Park in Victoria, Australia

Plenty Gorge Park is a 1,350 ha metropolitan regional park in the north-eastern Melbourne suburb of Bundoora.

The park extends 11km along the Plenty River and encompasses sites including the Hawkstowe and Yarrambat picnic areas, Middle Gorge, Nioka Bush Camp and the Yellow Gum Recreation Area. However, these sites generally operate independently rather than as components of the broader parklands.

==History==
The park was initially occupied by the Wurundjeri people until the arrival of the Europeans in Australia in the 1830s. By 1837, pastoral squatters claimed large areas of land for their sheep and cattle. In 1841 the area was considered a “settled district” within Port Phillip, and all suitable land for agriculture west of the Plenty River was sold off by the government for private ownership by the mid-1840s. In the 1980s the Victorian State Government recognised need to protect the natural and heritage features of the park for future generations.

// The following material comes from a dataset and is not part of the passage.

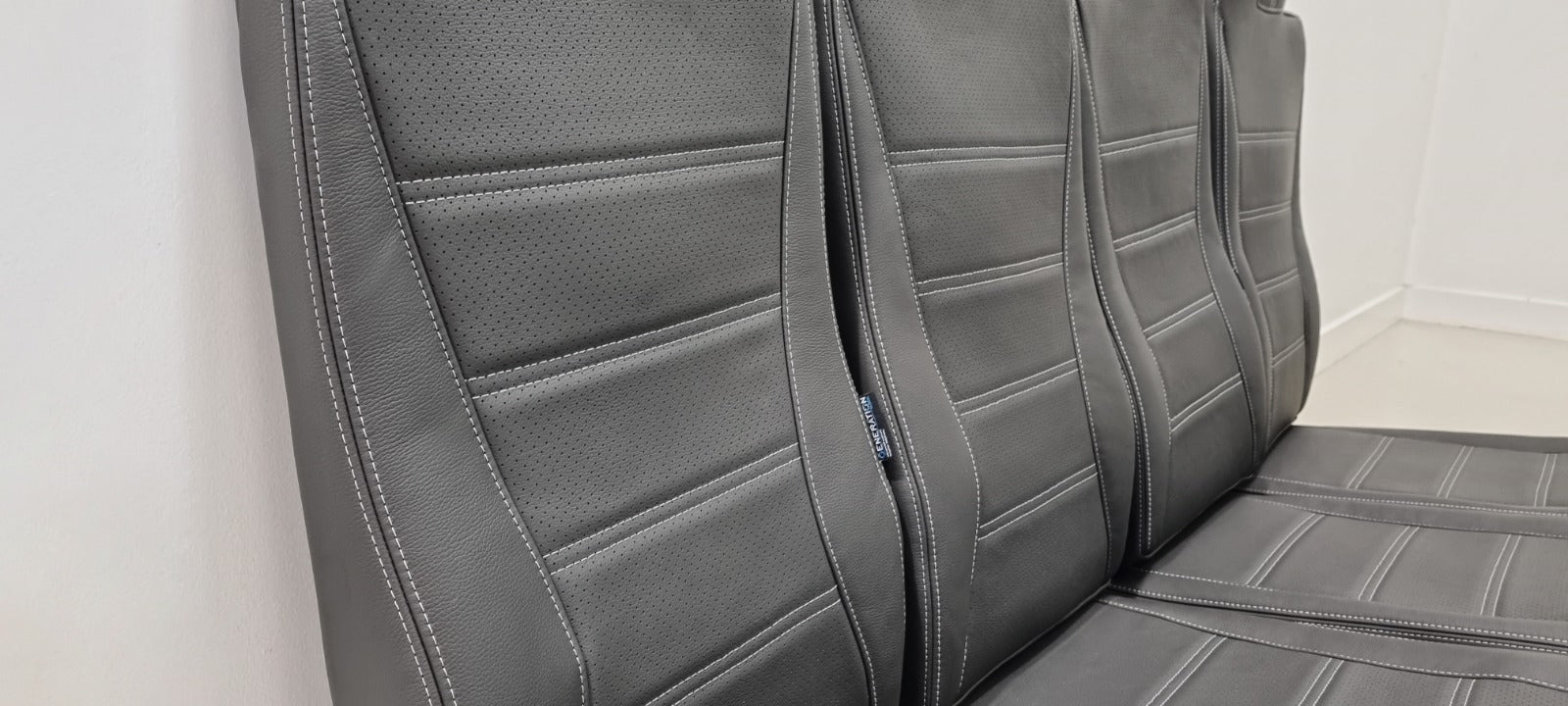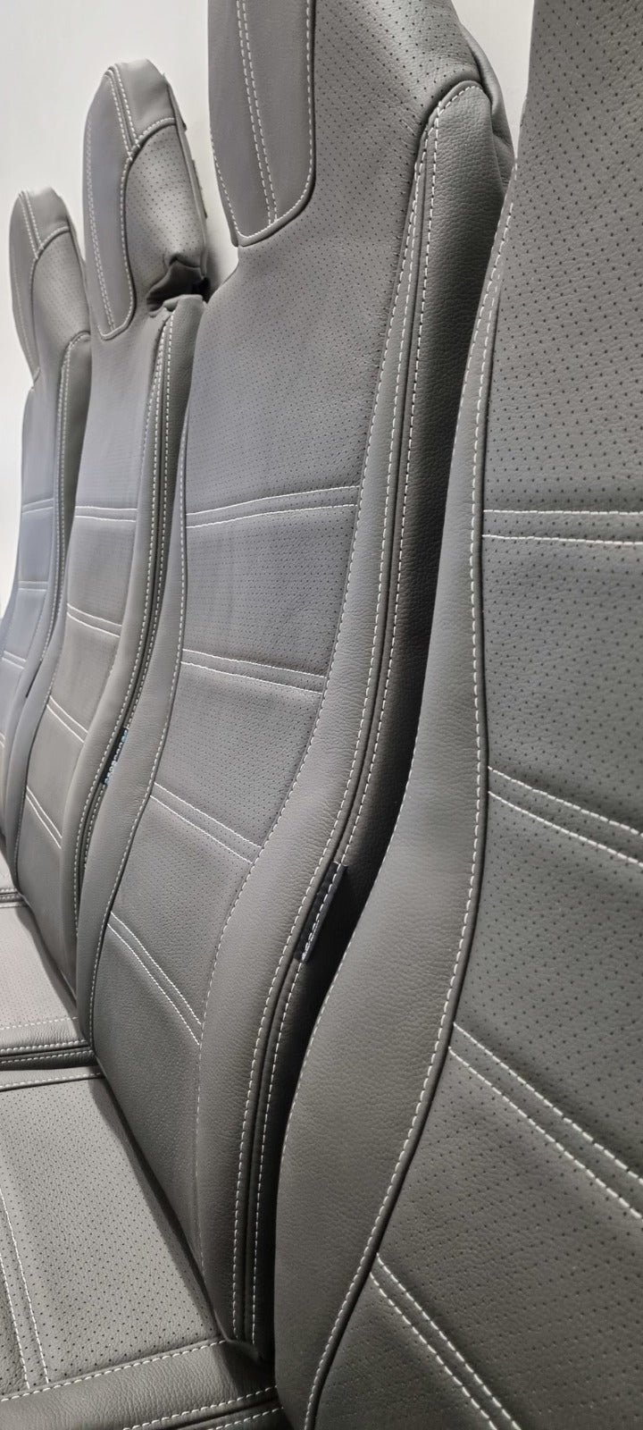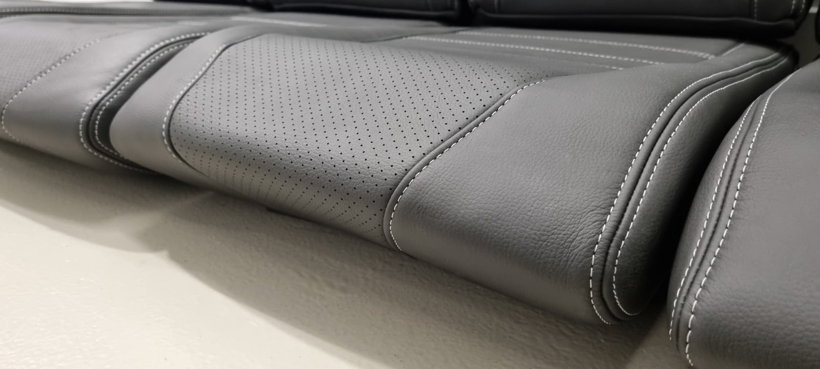 The seat dress covers were crafted from lead grey leather (ADI-1111), with silver stitching for a refined look. The center inserts are perforated (SP-1) to improve breathability, creating a subtle texture difference. The horizontal stitch lines further enhance the design and visually break up the panels. The design also includes a built-in headrest with a cut-out to allow the seatbelts to feed through from behind, providing added functionality.

The park was expanded again with the purchase of the Boral quarry in Plenty by Parks Victoria in 1997. It had closed in the early 1970s due to groundwater seeping through. After two years, it was developed into Yellow Gum Park (and Blue Lake) and opened to the public in 1999.

The landscape at Plenty Gorge Park has been changed over time as a result of settlement of the area. Previous native woodlands, grasslands and forests are now farmland and residential areas due to the clearing of vegetation.

On 30 December 2019, a bushfire which started at the Tanunda Wetlands area of the park, burned approximately 65 ha of land and resulted in temporary closures of park spaces. By 27 January 2021, all affected areas had reopened to the public. In response to the fires, Melbourne Water and Parks Victoria underwent several conservation and rehabilitation efforts in the park.

Following two rounds of community consultations in 2020 and 2021, the Victoria State Government announced several upgrades to the park as part of the Andrews Government’s $315 million Suburban Parks Program. The program includes the development of a new Plenty River Trail which runs through the Plenty Gorge Park, five new lookouts, two new bridges and upgrades to the Hawkstowe Picnic Area and Nioka Bush Camp. Final designs were released to the public on 4 June 2022.

==Geography==
The park lies between two distinct landscapes: undulating hills and ridges on the eastern side and a flat basalt plain on the western side. The hills and ridges of the eastern side of the park were formed between 400 and 430 million years ago during the Silurian period. The Plenty River flows around 24 km through the park and has carved through softer sedimentary rocks to form a steep gorge. The Plenty River continues to erode the gorge today.

Of all parks in the Greater Melbourne area, Plenty Gorge Park has the greatest diversity of natural habitats. Major landscapes in the park include the Plenty River and gorge, woodlands, wetlands, parklands and pastures. There are 631 native flora species recorded in the park.

The park supports a contains a variety of ecological vegetation classes (EVCs) such as escarpment shrubland, creekline grassy woodland, creekline herb-rich woodland, floodplain riparian woodland, swampy riparian complex, riparian scrub, plains grassy wetland, box ironbark forest, plains grassy woodland, and valley grassy forest.

==Features==
The park includes the Hawkstowe and Yarrambat picnic areas, Middle Gorge, Nioka Bush Camp and the Yellow Gum Recreation Area and is used by local communities for recreational activities such as community events, festivals, large gatherings, nature-based activities, exercise and orienteering.

The park also has 262 recorded native fauna species. Over 200 bird species, several reptiles, kangaroos, wallabies, echidnas can be seen in the park. The Plenty River is also habitat to numerous fish species and other river vertebrates.